Storage of XML Data in Object-Relational Database Systems

For all the merits of native XML databases, ORDBMSs are scalable, provide transactions, query optimization, and so on. Extending object-relational databases to support XML is very important for their vendors. There are several challenges to store XML documents in an ORDBMS. • Storage of XML documents. For data-centric XML documents, ORDBMS can utilize DTD/XML Schema to guide the relational representation of XML documents. For document-centric XML documents, since a document is often retrieved as a whole, XML documents can be stored as a VARCHAR or CLOB datatype in the table. In many cases, a hybrid approach is used, where well-structured data is shredded into relational data, and mixed fragments are stored as whole. There are much research on mapping between XML documents and ORDBMS [91, 66, 61, 67]. • Query of XML documents. Although data can be easily retrieved from relational tables, in reality tagged XML documents are needed on the fly.

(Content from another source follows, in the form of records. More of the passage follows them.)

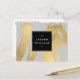 Coordinates with the Abstract Faux Gold Brushstrokes on Grey Business Card Template and office supplies by 1201AM. This design features a faux gold background of painterly brushstrokes with a black plaque overlay to hold your name or business name. Set on a soft grey for a beautifully contrasted motif. An eye-catching customisable postcard design for interior designers, salons, makeup artists, style bloggers, boutiques and more. © 1201AM CREATIVE
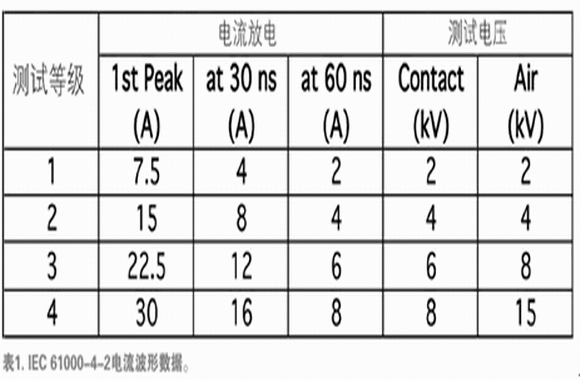 目前最常用的ESD抗擾度標(biāo)準(zhǔn)是IEC 61000-4-2標(biāo)準(zhǔn)。該系統(tǒng)級標(biāo)準(zhǔn)規(guī)定了一個(gè)源極模型,后者包含一個(gè)150pF電荷存儲(chǔ)器(在330 ohm源極電阻后面)和一個(gè)特定的電流放電波形(圖1和表1)。與舊標(biāo)準(zhǔn)規(guī)定的源極相比,大電荷存儲(chǔ)器和低源極電阻使源極模型能交付更多能量和更大電流。
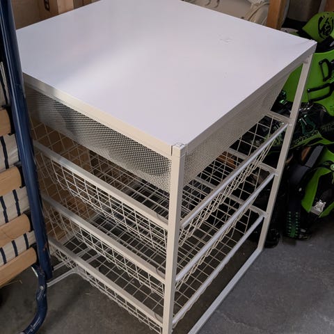 8 trådkurver med stativ selges. Pent brukt.
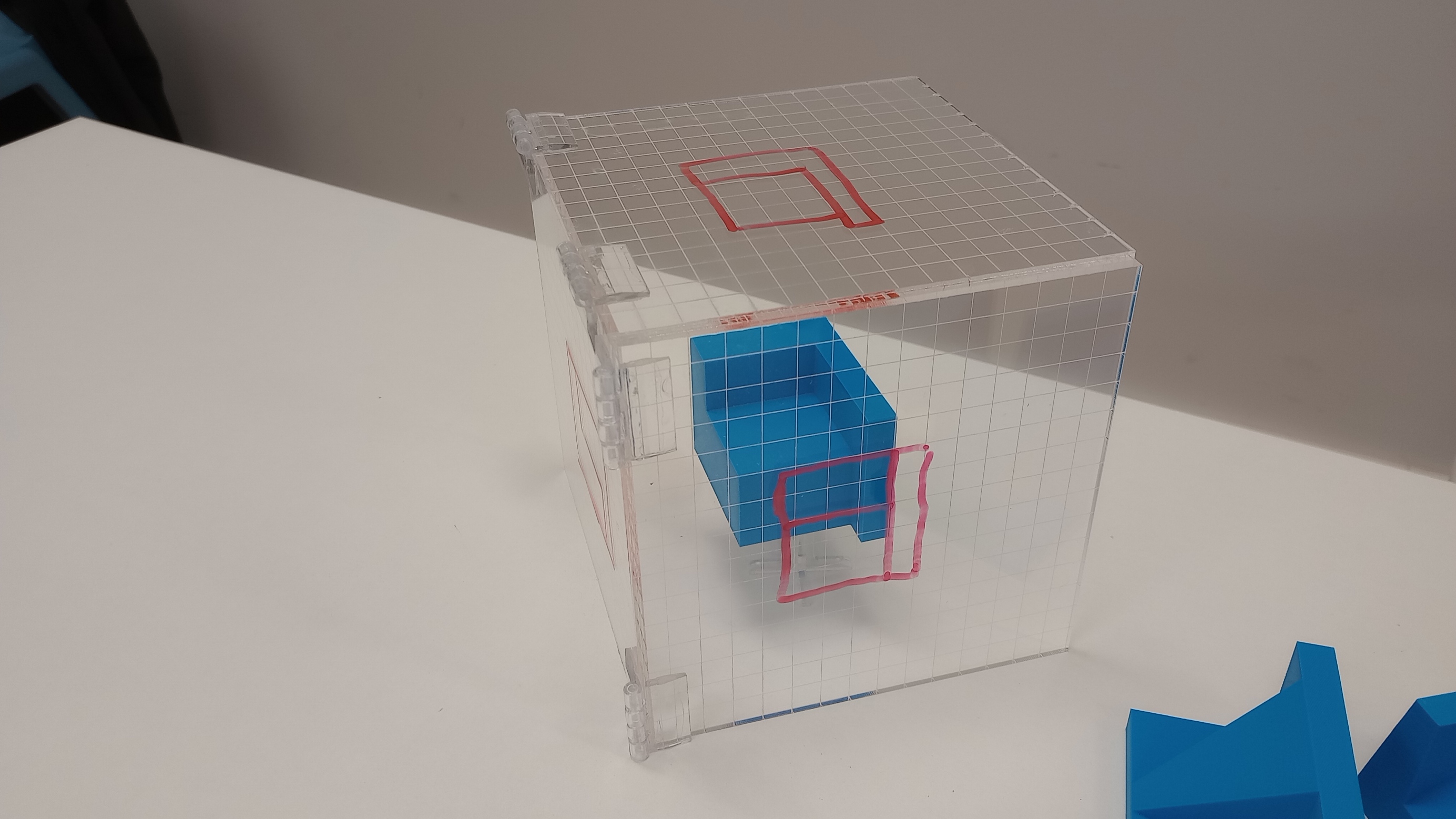Students in groups will use a physical “glass box”, to understand how to project views of an object (using 3rd angle projection) and represent them on a 2D plane.
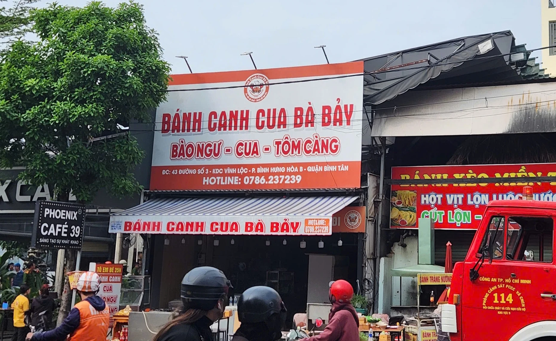 Chỉ trong ít phút, ngọn lửa lan rộng rồi cháy lan, gây hư hỏng một phần tiệm bánh canh ngay sát vách.
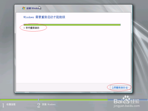11、安装过程系统会自动重启,无需干预。当然可选择立即重新启动,如图。
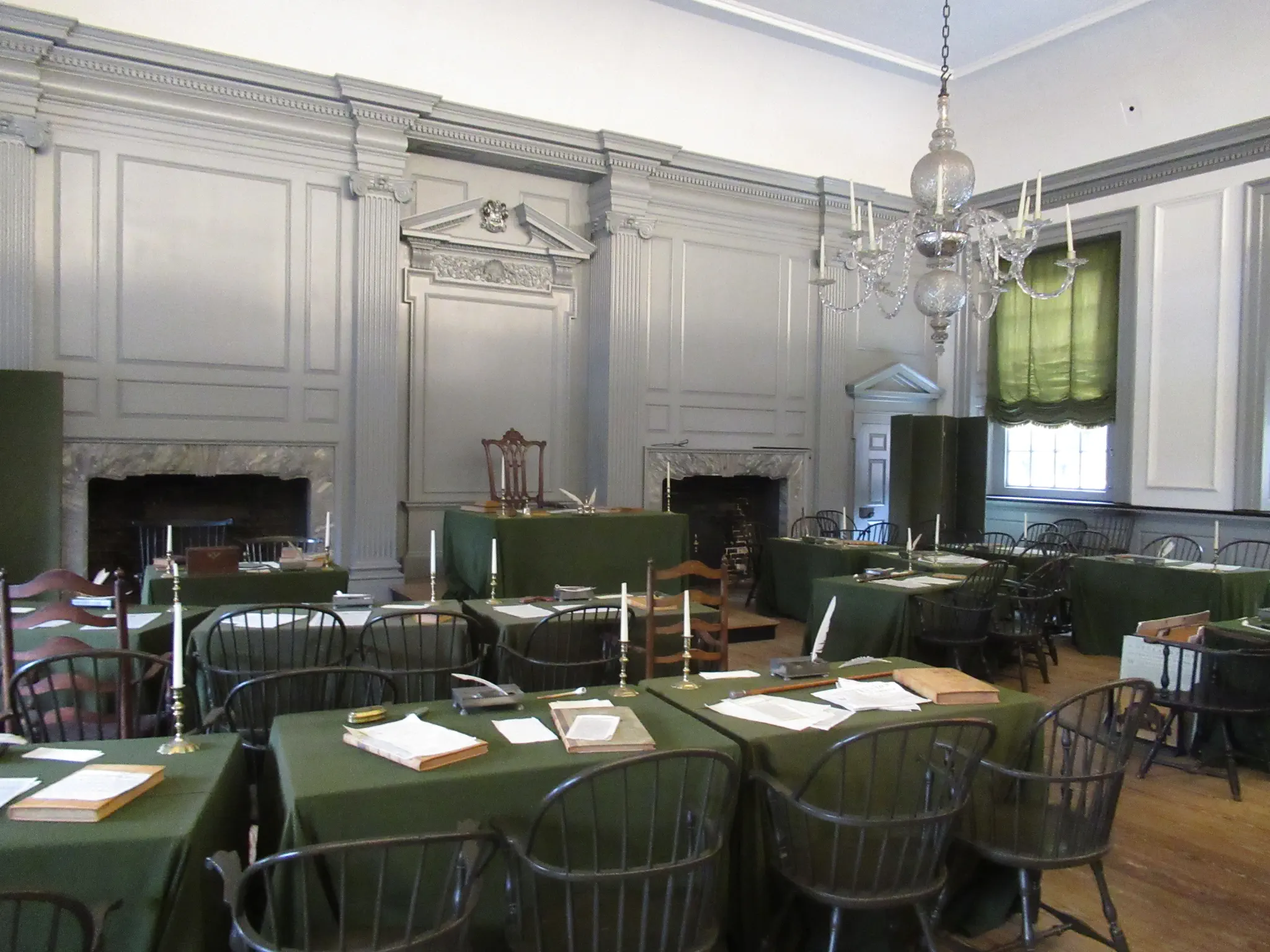 More symmetry. The Assembly room where the 13 states met to sign the Declaration of Independence and all, except Rhode Island, to debate the Constitution. Each state had a table, and George Washington sat in the middle, back desk.
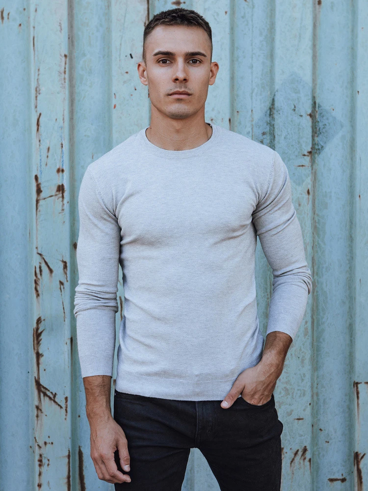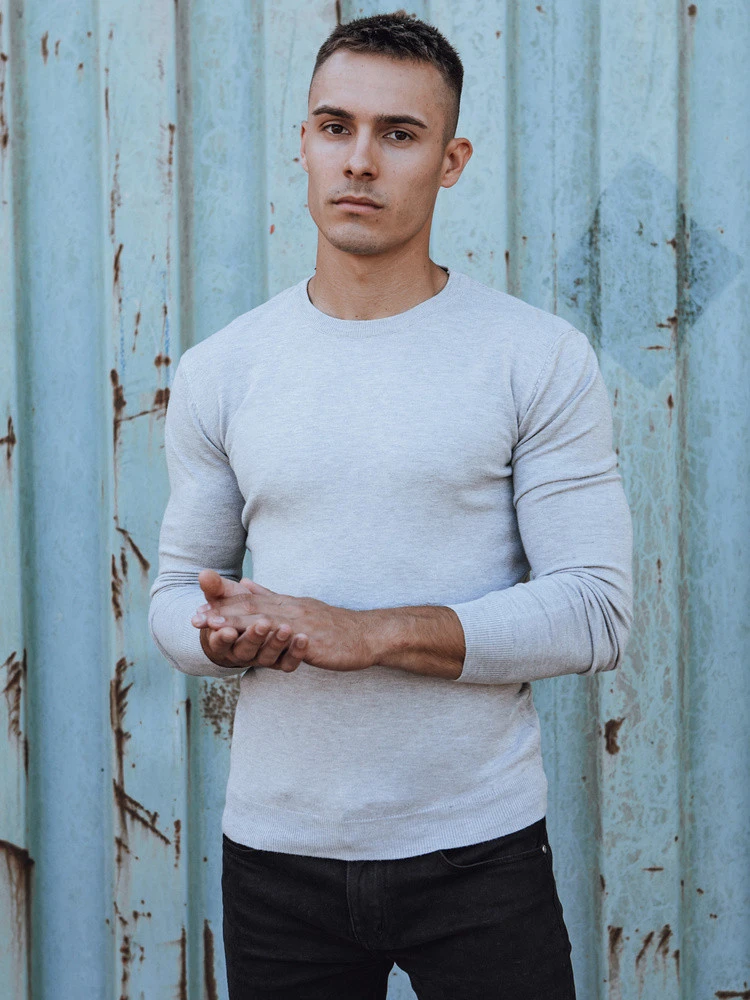 Pánský klasický svetr světle šedý FashionStreet WX2212
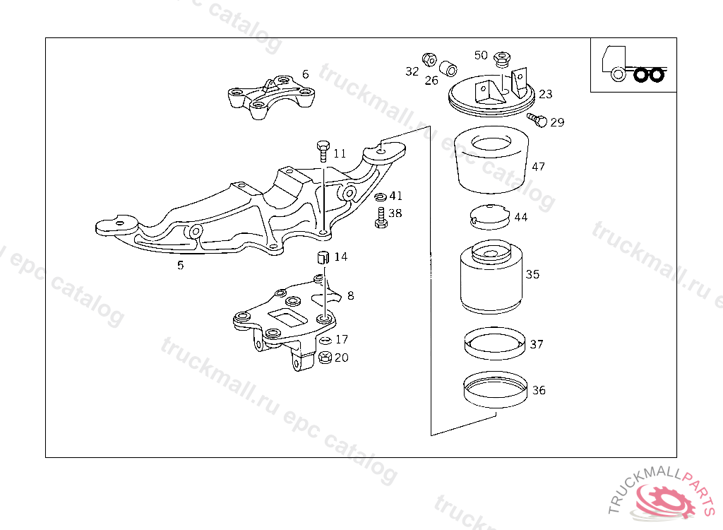 SPHERICAL WASHER AIR-SPRING-BELLOWS SUPPORT TO REAR AXLE

So ORDBMSs have to provide XML publishing functions that can tag relational data as XML documents or fragments, and aggregate the data as hierarchical XML documents. SQL/XML [18] proposed a set of XML publishing functions in SQL. Another direction is to use a middleware such as XPERANTO [43, 68] to publish XML documents from relational data. The relational data will be viewed as XML views, and users can specify XML queries upon views in the middleware. The queries are transformed and optimized as SQL queries, and the query results are tagged by the middleware as XML documents and returned to the users.

103

• Indexing of XML documents. When an XML document is shredded into relational data, existing indexing techniques can be applied to such data. If an XML document is stored as a LOB datatype, side tables can be built to store extracted node values and use them for indexing. This approach is not generic, and if a node is not in the side tables, it is hard to query upon it. Oracle 10g [14] provides a new datatype XMLType, and the underlined storage and indexing of such datatype can be potentially provided. SQL/XML New in SQL 2003 standard as Part 14, SQL/XML [18] defines how SQL can be used in conjunction with XML in a database. There are several goals of this standard: • Defining the mapping between SQL identifiers and XML identifiers, and between SQL datatypes and XML datatypes. XML and SQL have different identifier schemes, for example, no space is allowed in XML tag names, thus the mapping will replace a space in relational column name into an encoded string in the XML tag name. The mapping of datatypes are defined based on restricted (or derived) data types in the XML Schema. • Defining XML publishing functions in SQL. Basically there are two types of XML publishing functions: scalar publishing functions and aggregate publishing functions. XML scalar functions construct an XML element or attribute by concatenating and tagging column values. XML aggregate functions aggregate a group of XML elements generated by XML scalar functions and generate a hierarchical structured XML document or fragment. • Defining XML datatype in RDBMS. To efficiently support XML storage and query, a new XML datatype (or XMLType) in RDBMS is proposed,

104

which provides the opportunities on special storage and indexing handling of such type. The implementation of XMLType is vendor-specific. • Defining SQL functions to search, extract or update XML documents. SQL/XML also defines a set of functions to search, extract, and update XML documents stored in XMLType columns based on XPath expressions.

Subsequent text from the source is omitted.